Revision history page leaks pending/rejected revisions and moderator reject reasons to anonymous users

Area: mobieusKnow (audit p6) · Surface: GET /know/{slug}/history (KnowledgeController@history) · Dimension: security · Severity: major

OWASP A01:2021 Broken Access Control / sensitive information disclosure. The reject reason is authored by a moderator and may name the submitter, quote the offending content, or describe internal policy. Both the existence and the metadata of pending/rejected revisions are exposed publicly, complementing finding #1 (which leaks the bodies). Combined, an anonymous user gets the full moderation trail.

Evidence

history() (KnowledgeController.php:252-269) has no requireAuth and is in the public route group (routes.php:589).

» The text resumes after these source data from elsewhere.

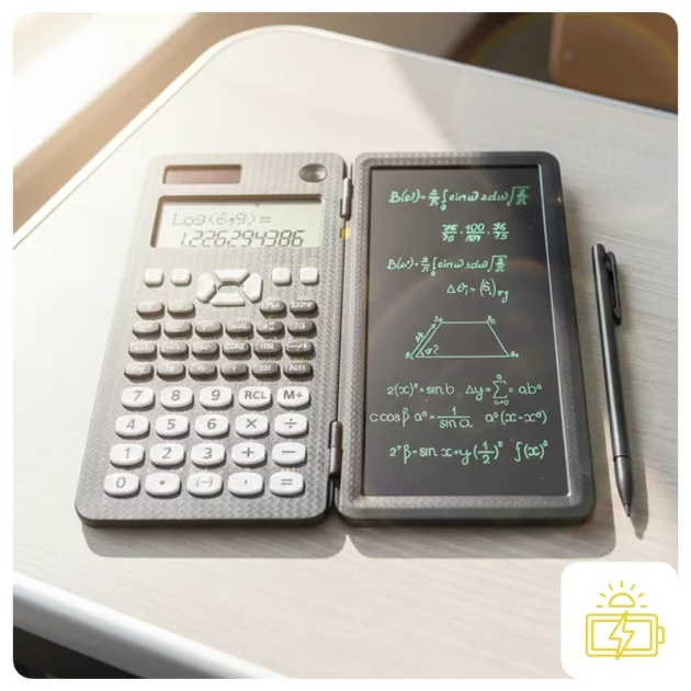 Spolehlivá solární energie - Nemusíte se bát náhlého výpadku proudu během výuky nebo testu. Solární a bateriová záloha zajišťuje hladký chod kalkulačky.
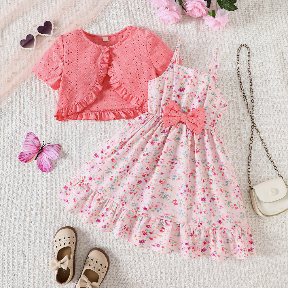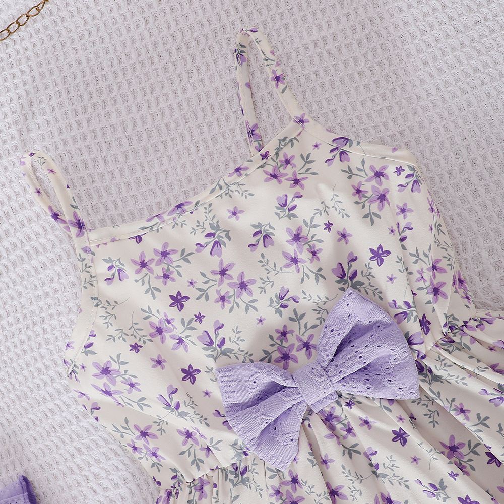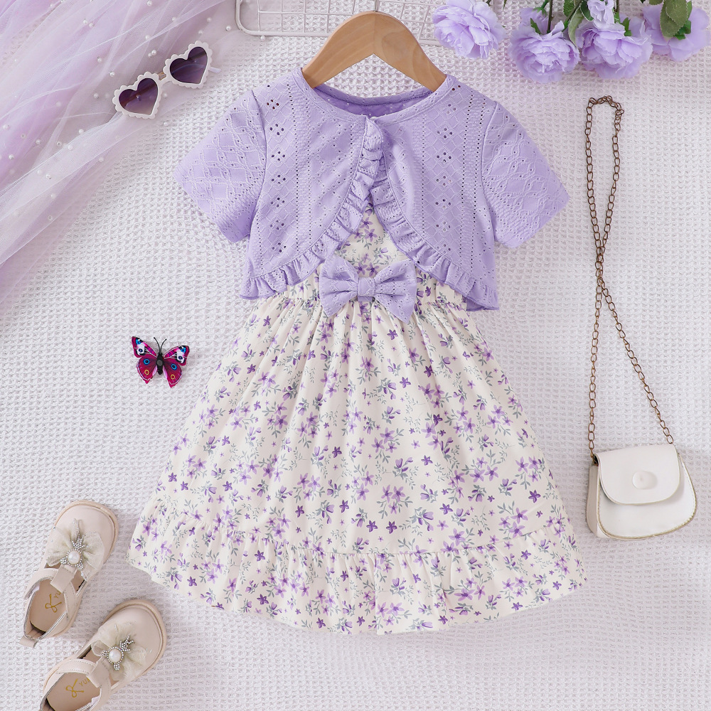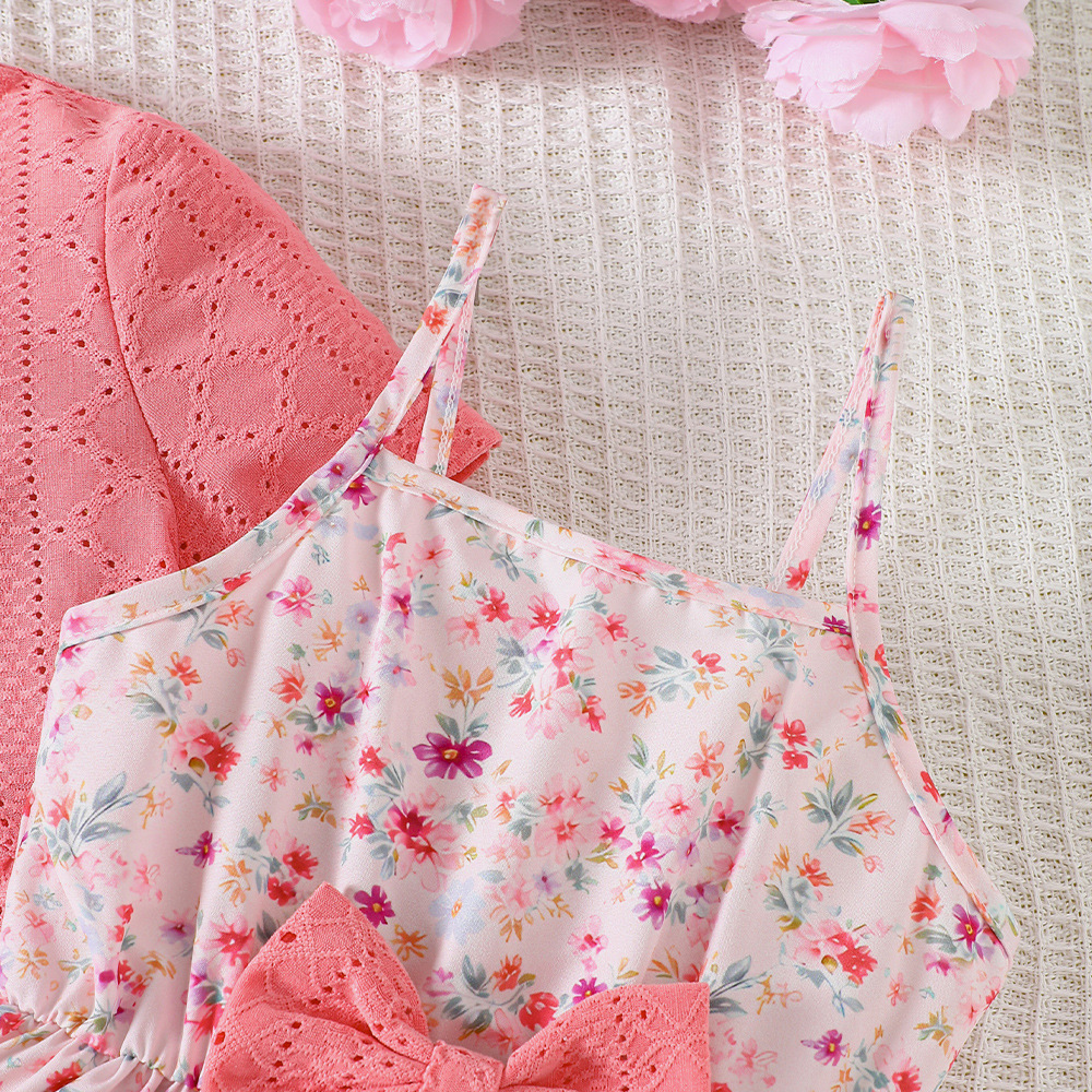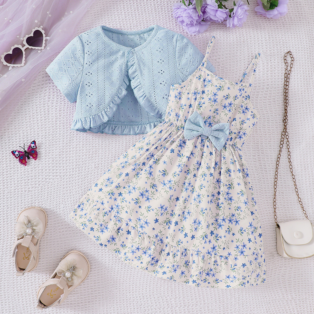 外国貿易の子供のガーターはワンピースの2025夏の小さい花の結び目の多層のケーキのスカートの女の子を持ちます。
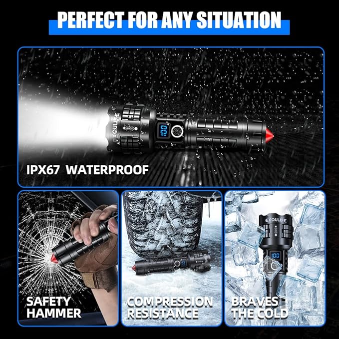 - IPX67 Waterproof & Indestructible: Comes with IPX67 Waterproof, this powerful flashlight is still available even if it is temporarily placed in water. In addition, extreme conditions such as freezing and being compressed by truck still cannot prevent it from working properly.
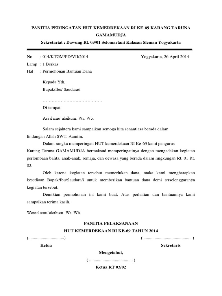 Pada bulan agustus biasanya banyak di lakukan kegiatan untuk memperingati hari kemerdekaan republik indonesia. Contoh proposal peringatan hut kemerdekaan ri seperti pelangi surat yasin asmaul husna ayat kursi juz amma contoh surat lamaran kerja dan puisi. Contoh surat permohonan bantuan dana dan proposal kegiatan hut ri contoh proposal pengajuan dana kegiatan 17 agustus contoh surat permohonan bantuan dana kegiatan 17 agustus surat permohonan sumbangan warga contoh surat edaran sumbangan 17 agustus contoh surat edaran 17 agustus contoh proposal kegiatan 17 agustus karang taruna contoh.
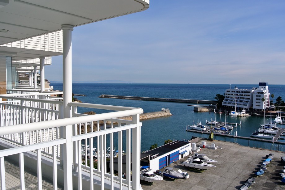 スイートルームにあるジャグジーにお湯を張り朝の海
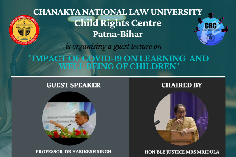 CNLU Patna Guest Lecture. Chanakya National Law University is organising a Guest Lecture On “Impact Of COVID-19 On Learning And Well-Being Of Children” By Child Rights Centre, CNLU Patna: 20th July, 2021
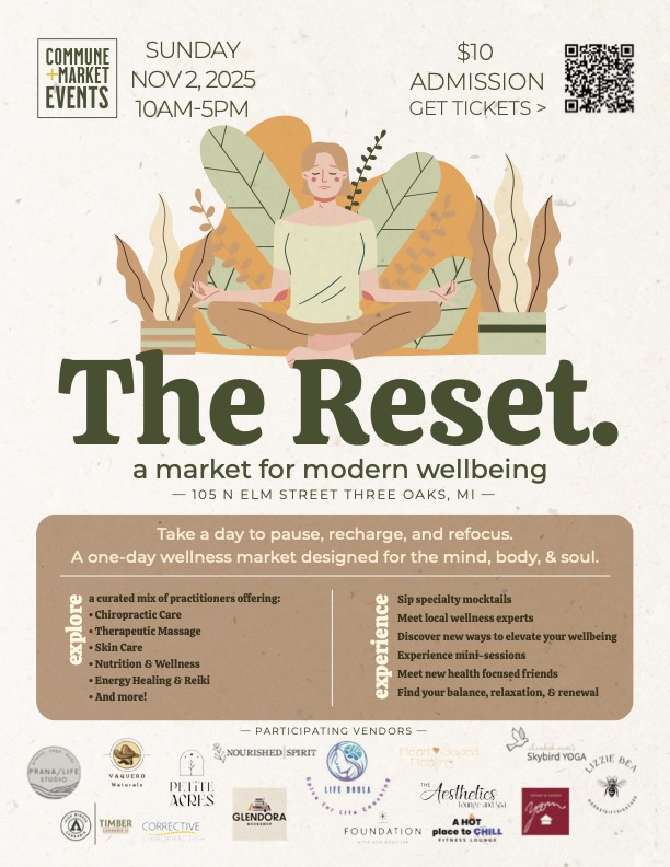 Commune + Market invites the community to take a day to pause, recharge, and refocus at The Reset: A Market for Modern Wellbeing on Sunday, November 2, 2025, from 10:00 AM – 5:00 PM Eastern (9:00 am - 4:00 pm Central), at Commune + Market, 105 N. Elm Street, Three Oaks, Michigan.

It calls KnowledgeRevision::forPage() which returns EVERY status: `WHERE kr.page_id = :pid ORDER BY kr.id DESC` with no status filter (KnowledgeRevision.php:43-54). history.php renders all of them including the status badge and the moderator's free-text rejection note: line 64 `<?= $e(str_replace('_', ' ', $rev['status'])) ?>` and lines 72-75 `<?php if (!empty($rev['reject_reason'])): ?> Rejected: <?= $e($rev['reject_reason']) ?>`. The `isMod` flag (history.php:13) only gates the Restore button, not visibility of pending/rejected rows.

Suggested fix. Filter forPage() to approved/rolled_back for non-moderators (pass a viewer-is-mod flag, or add forPagePublic()). Hide reject_reason and pending/rejected rows from non-moderators in history.php.

Filed by the automated tenant-app audit and adversarially evidence-verified. Status: verified. Open — not yet actioned.